▶ **PROBLEM**: The result should be a word-for-word retyping of the entries below, free of pictures.

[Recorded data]
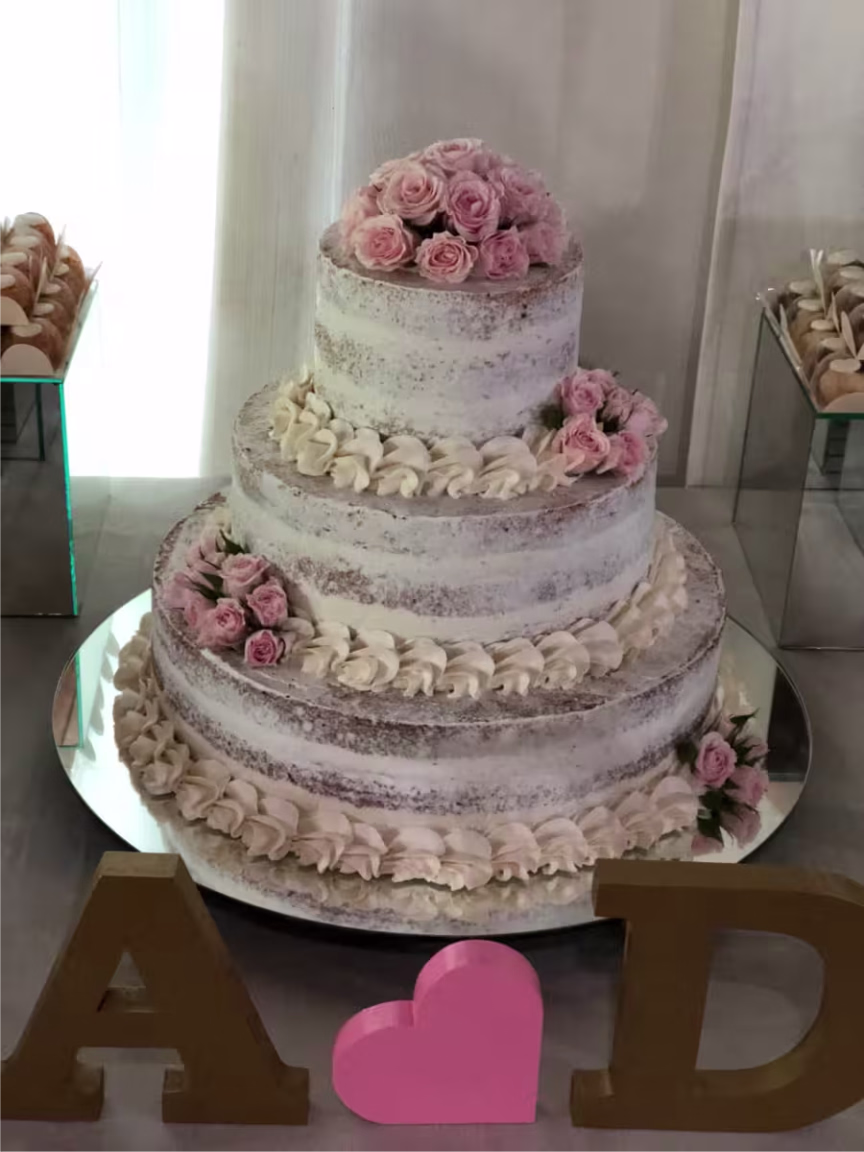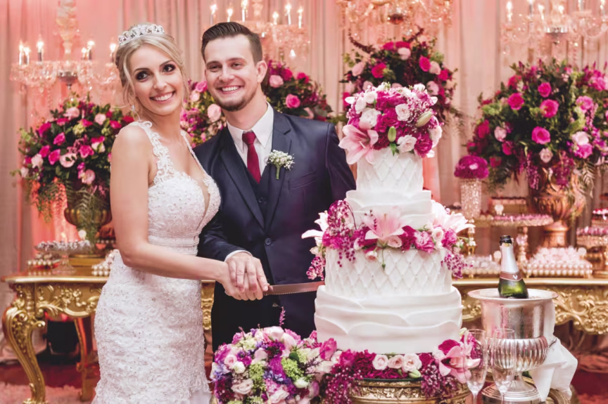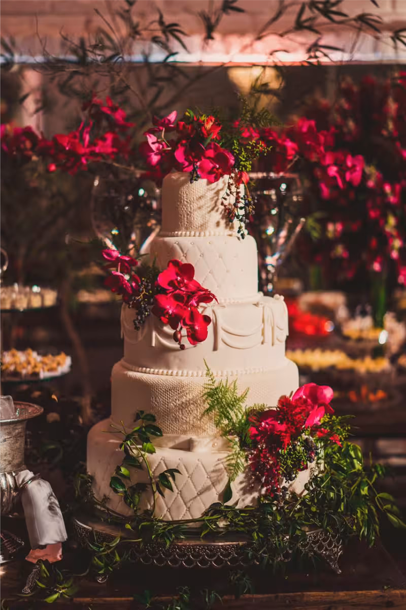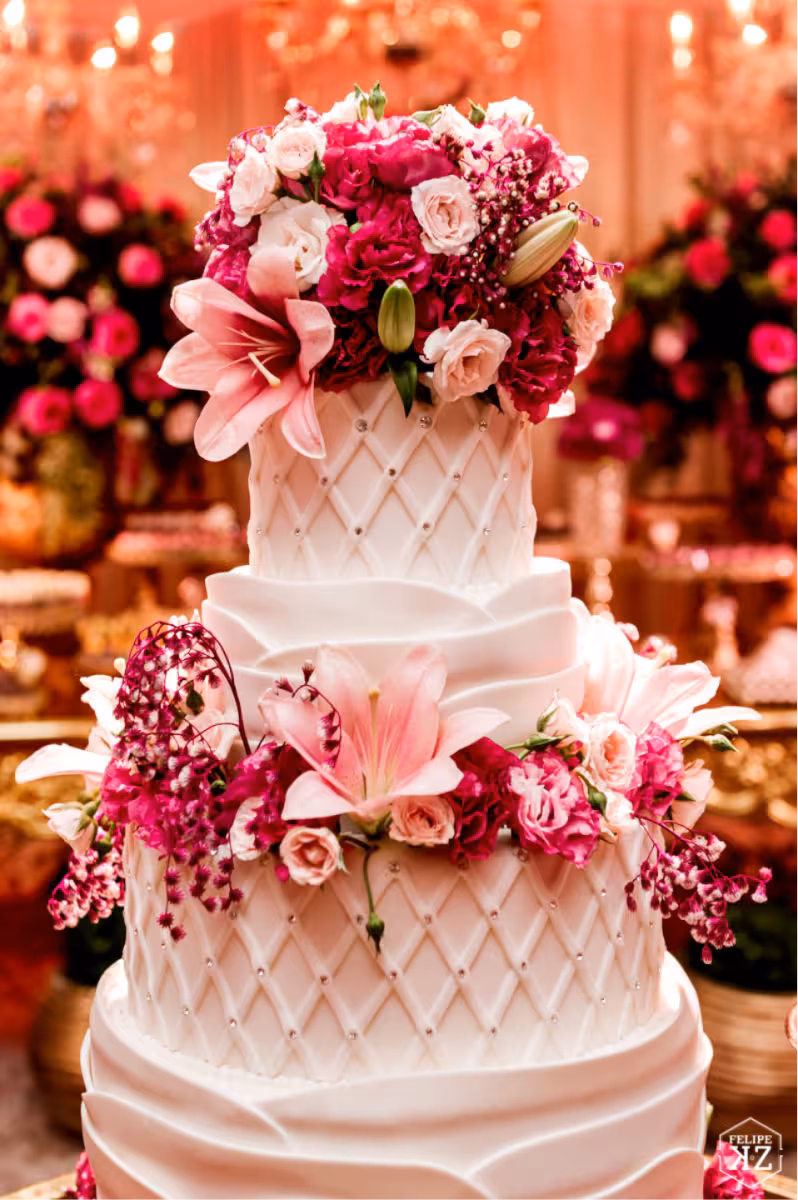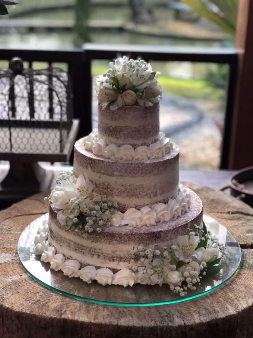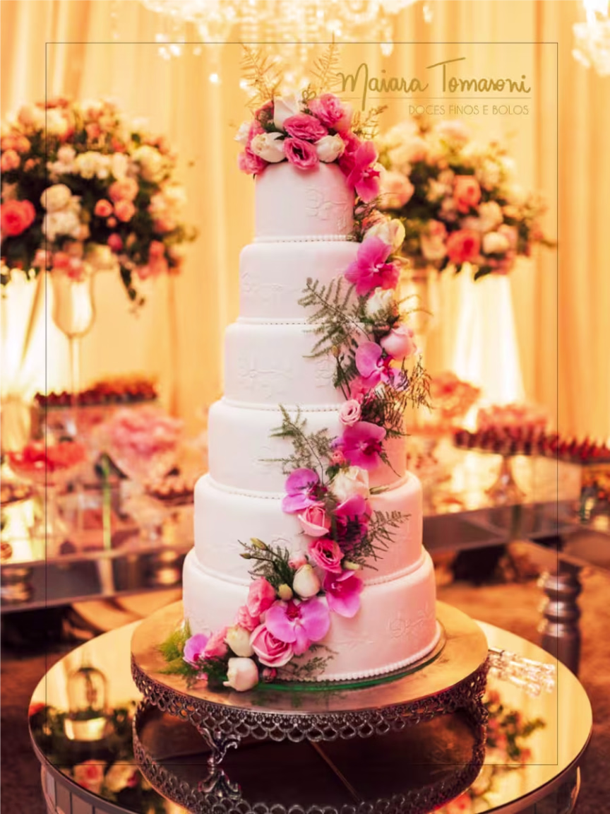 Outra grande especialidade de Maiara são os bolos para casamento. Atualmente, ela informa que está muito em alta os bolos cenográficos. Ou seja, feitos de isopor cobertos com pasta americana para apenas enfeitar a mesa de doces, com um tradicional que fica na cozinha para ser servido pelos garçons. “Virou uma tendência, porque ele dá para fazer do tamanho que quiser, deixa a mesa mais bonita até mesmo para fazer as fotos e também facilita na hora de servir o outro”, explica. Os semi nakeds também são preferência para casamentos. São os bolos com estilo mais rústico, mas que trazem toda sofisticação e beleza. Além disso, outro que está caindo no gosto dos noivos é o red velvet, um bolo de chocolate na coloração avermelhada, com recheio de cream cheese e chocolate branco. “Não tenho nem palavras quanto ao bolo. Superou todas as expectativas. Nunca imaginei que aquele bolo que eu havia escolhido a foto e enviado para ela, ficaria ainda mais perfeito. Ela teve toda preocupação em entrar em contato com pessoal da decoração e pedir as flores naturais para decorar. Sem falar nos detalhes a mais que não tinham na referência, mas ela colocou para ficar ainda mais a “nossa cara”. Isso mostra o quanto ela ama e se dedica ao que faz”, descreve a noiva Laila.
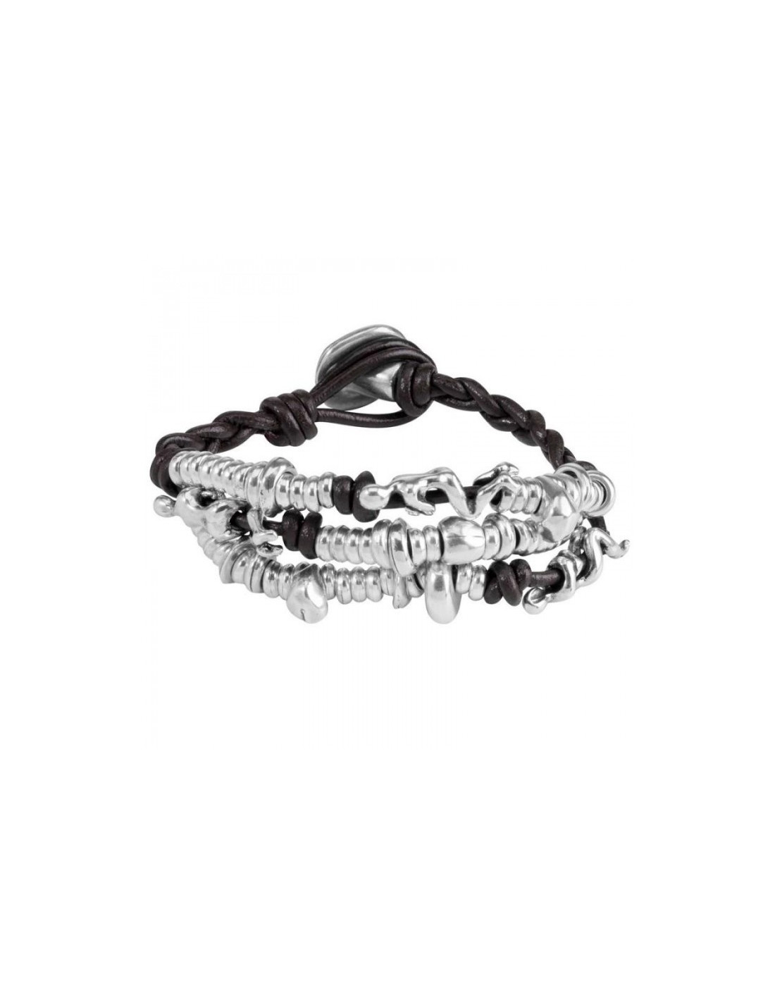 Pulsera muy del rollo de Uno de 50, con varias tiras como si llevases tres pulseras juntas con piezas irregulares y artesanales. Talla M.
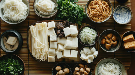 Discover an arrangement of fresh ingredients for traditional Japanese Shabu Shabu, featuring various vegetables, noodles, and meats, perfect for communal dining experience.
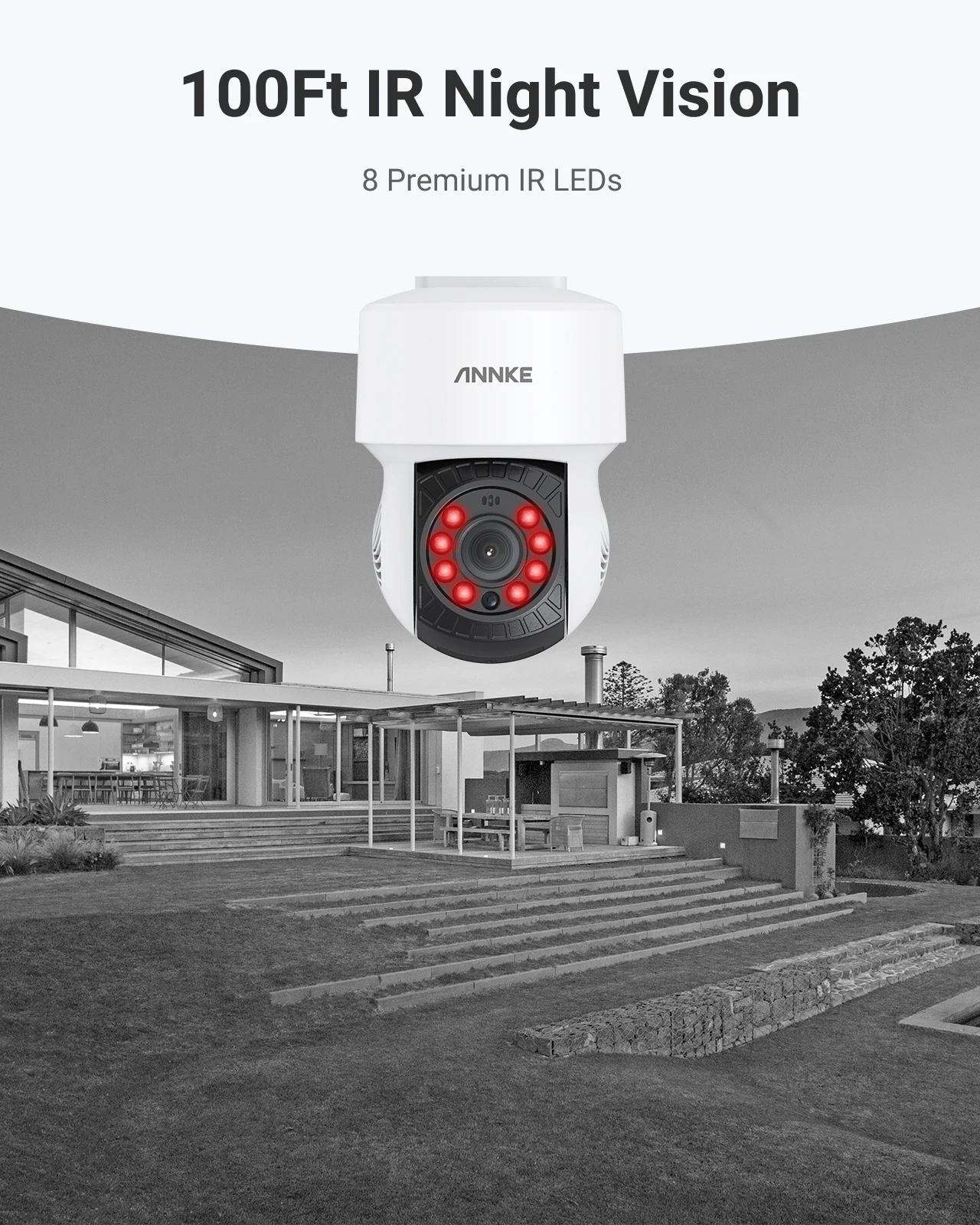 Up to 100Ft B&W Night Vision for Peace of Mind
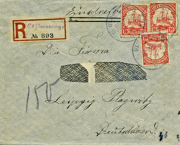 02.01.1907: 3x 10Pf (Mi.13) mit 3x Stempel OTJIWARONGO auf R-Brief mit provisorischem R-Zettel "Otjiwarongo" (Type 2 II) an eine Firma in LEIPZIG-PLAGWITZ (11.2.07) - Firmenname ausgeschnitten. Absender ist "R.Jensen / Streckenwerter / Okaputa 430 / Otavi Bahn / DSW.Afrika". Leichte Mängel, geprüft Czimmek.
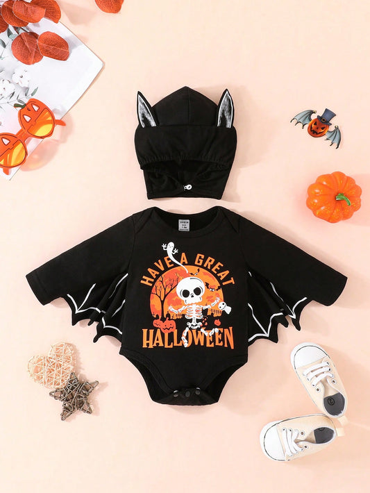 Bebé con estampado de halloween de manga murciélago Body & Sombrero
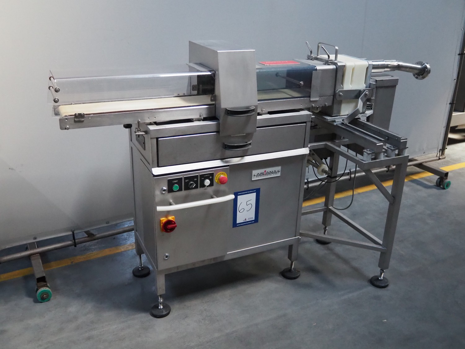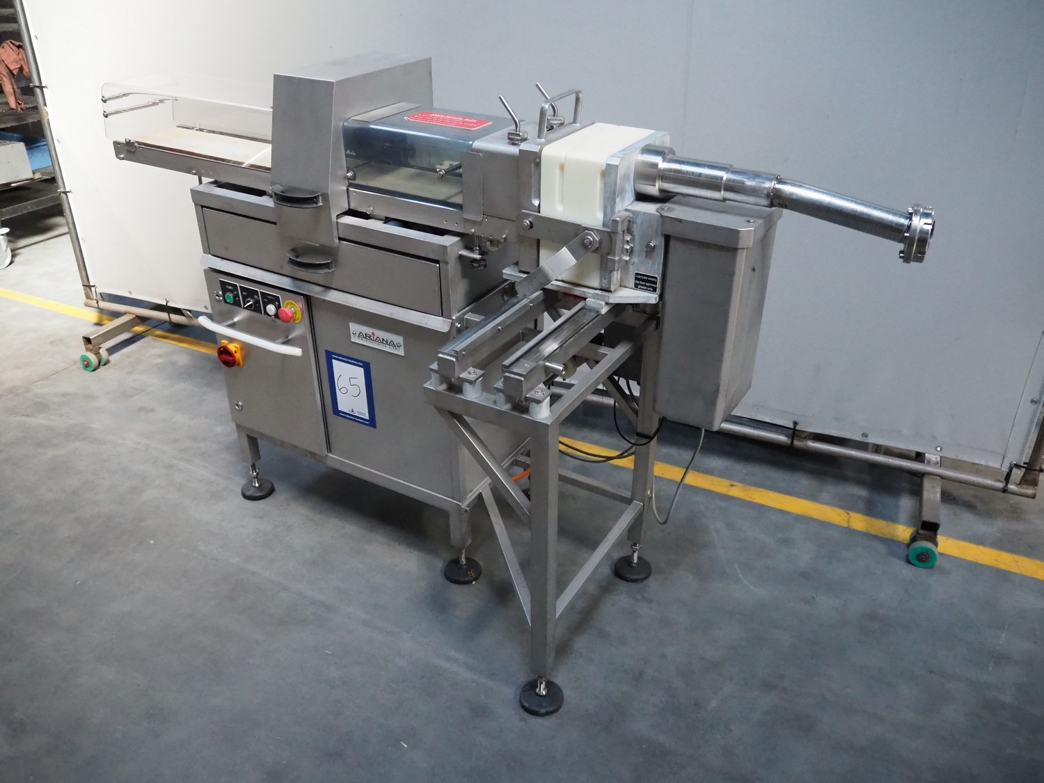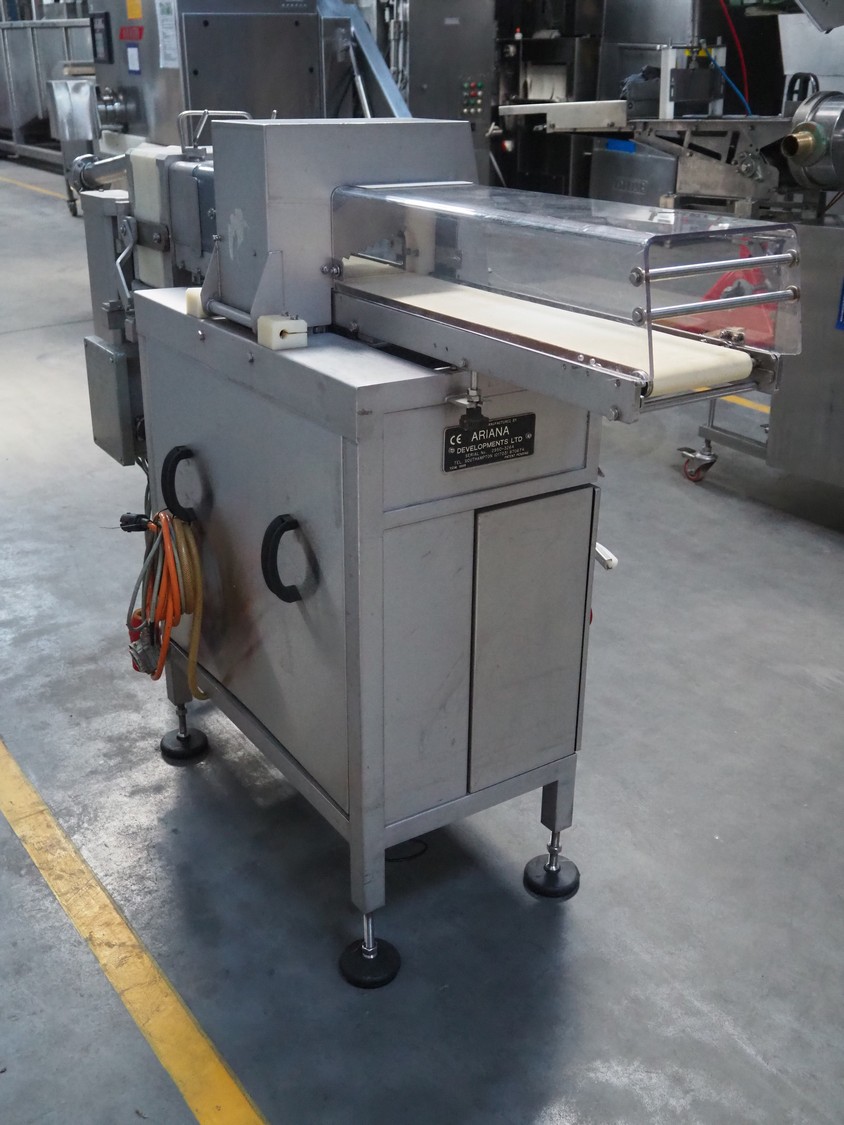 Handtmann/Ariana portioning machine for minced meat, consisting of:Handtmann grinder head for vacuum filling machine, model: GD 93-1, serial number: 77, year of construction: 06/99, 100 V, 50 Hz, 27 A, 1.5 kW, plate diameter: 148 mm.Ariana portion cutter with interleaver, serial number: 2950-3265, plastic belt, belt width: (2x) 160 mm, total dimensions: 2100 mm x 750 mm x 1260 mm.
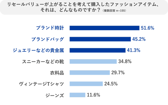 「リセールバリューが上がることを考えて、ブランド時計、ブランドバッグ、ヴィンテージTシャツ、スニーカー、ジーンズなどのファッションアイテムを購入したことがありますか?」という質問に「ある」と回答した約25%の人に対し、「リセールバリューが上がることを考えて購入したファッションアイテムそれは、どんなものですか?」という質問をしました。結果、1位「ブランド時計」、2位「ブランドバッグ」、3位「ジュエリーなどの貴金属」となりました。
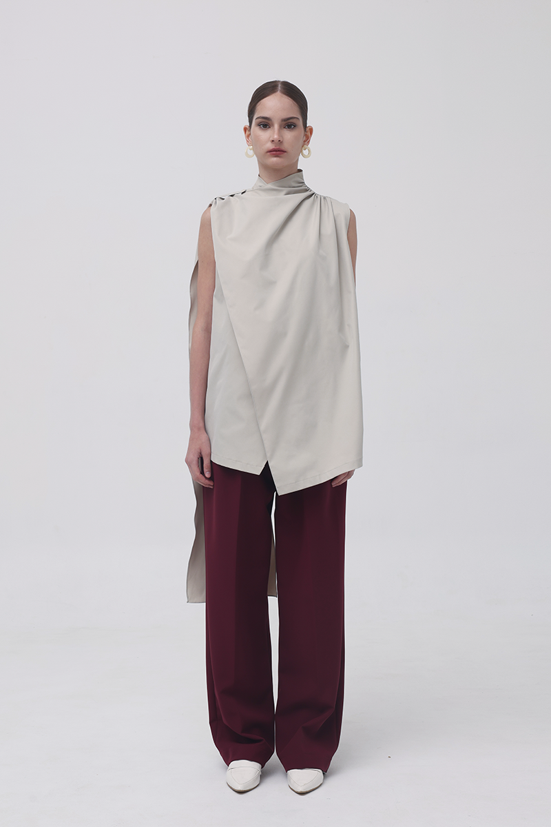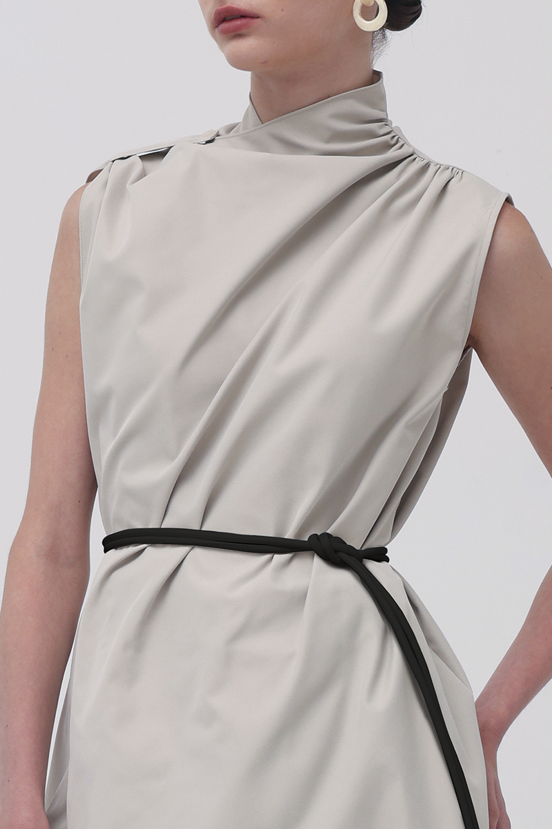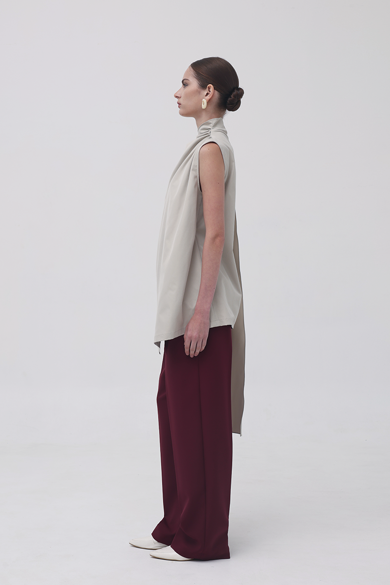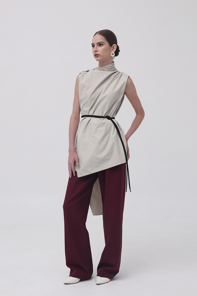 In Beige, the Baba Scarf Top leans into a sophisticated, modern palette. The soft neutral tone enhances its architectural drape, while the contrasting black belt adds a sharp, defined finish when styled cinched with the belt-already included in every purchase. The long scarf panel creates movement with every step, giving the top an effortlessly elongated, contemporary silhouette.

▶ **COMPLETED EXERCISE**:
 Outra grande especialidade de Maiara são os bolos para casamento. Atualmente, ela informa que está muito em alta os bolos cenográficos. Ou seja, feitos de isopor cobertos com pasta americana para apenas enfeitar a mesa de doces, com um tradicional que fica na cozinha para ser servido pelos garçons. “Virou uma tendência, porque ele dá para fazer do tamanho que quiser, deixa a mesa mais bonita até mesmo para fazer as fotos e também facilita na hora de servir o outro”, explica. Os semi nakeds também são preferência para casamentos. São os bolos com estilo mais rústico, mas que trazem toda sofisticação e beleza. Além disso, outro que está caindo no gosto dos noivos é o red velvet, um bolo de chocolate na coloração avermelhada, com recheio de cream cheese e chocolate branco. “Não tenho nem palavras quanto ao bolo. Superou todas as expectativas. Nunca imaginei que aquele bolo que eu havia escolhido a foto e enviado para ela, ficaria ainda mais perfeito. Ela teve toda preocupação em entrar em contato com pessoal da decoração e pedir as flores naturais para decorar. Sem falar nos detalhes a mais que não tinham na referência, mas ela colocou para ficar ainda mais a “nossa cara”. Isso mostra o quanto ela ama e se dedica ao que faz”, descreve a noiva Laila.
 Pulsera muy del rollo de Uno de 50, con varias tiras como si llevases tres pulseras juntas con piezas irregulares y artesanales. Talla M.
 Discover an arrangement of fresh ingredients for traditional Japanese Shabu Shabu, featuring various vegetables, noodles, and meats, perfect for communal dining experience.
 Up to 100Ft B&W Night Vision for Peace of Mind
 02.01.1907: 3x 10Pf (Mi.13) mit 3x Stempel OTJIWARONGO auf R-Brief mit provisorischem R-Zettel "Otjiwarongo" (Type 2 II) an eine Firma in LEIPZIG-PLAGWITZ (11.2.07) - Firmenname ausgeschnitten. Absender ist "R.Jensen / Streckenwerter / Okaputa 430 / Otavi Bahn / DSW.Afrika". Leichte Mängel, geprüft Czimmek.
 Bebé con estampado de halloween de manga murciélago Body & Sombrero
 Handtmann/Ariana portioning machine for minced meat, consisting of:Handtmann grinder head for vacuum filling machine, model: GD 93-1, serial number: 77, year of construction: 06/99, 100 V, 50 Hz, 27 A, 1.5 kW, plate diameter: 148 mm.Ariana portion cutter with interleaver, serial number: 2950-3265, plastic belt, belt width: (2x) 160 mm, total dimensions: 2100 mm x 750 mm x 1260 mm.
 「リセールバリューが上がることを考えて、ブランド時計、ブランドバッグ、ヴィンテージTシャツ、スニーカー、ジーンズなどのファッションアイテムを購入したことがありますか?」という質問に「ある」と回答した約25%の人に対し、「リセールバリューが上がることを考えて購入したファッションアイテムそれは、どんなものですか?」という質問をしました。結果、1位「ブランド時計」、2位「ブランドバッグ」、3位「ジュエリーなどの貴金属」となりました。
 In Beige, the Baba Scarf Top leans into a sophisticated, modern palette. The soft neutral tone enhances its architectural drape, while the contrasting black belt adds a sharp, defined finish when styled cinched with the belt-already included in every purchase. The long scarf panel creates movement with every step, giving the top an effortlessly elongated, contemporary silhouette.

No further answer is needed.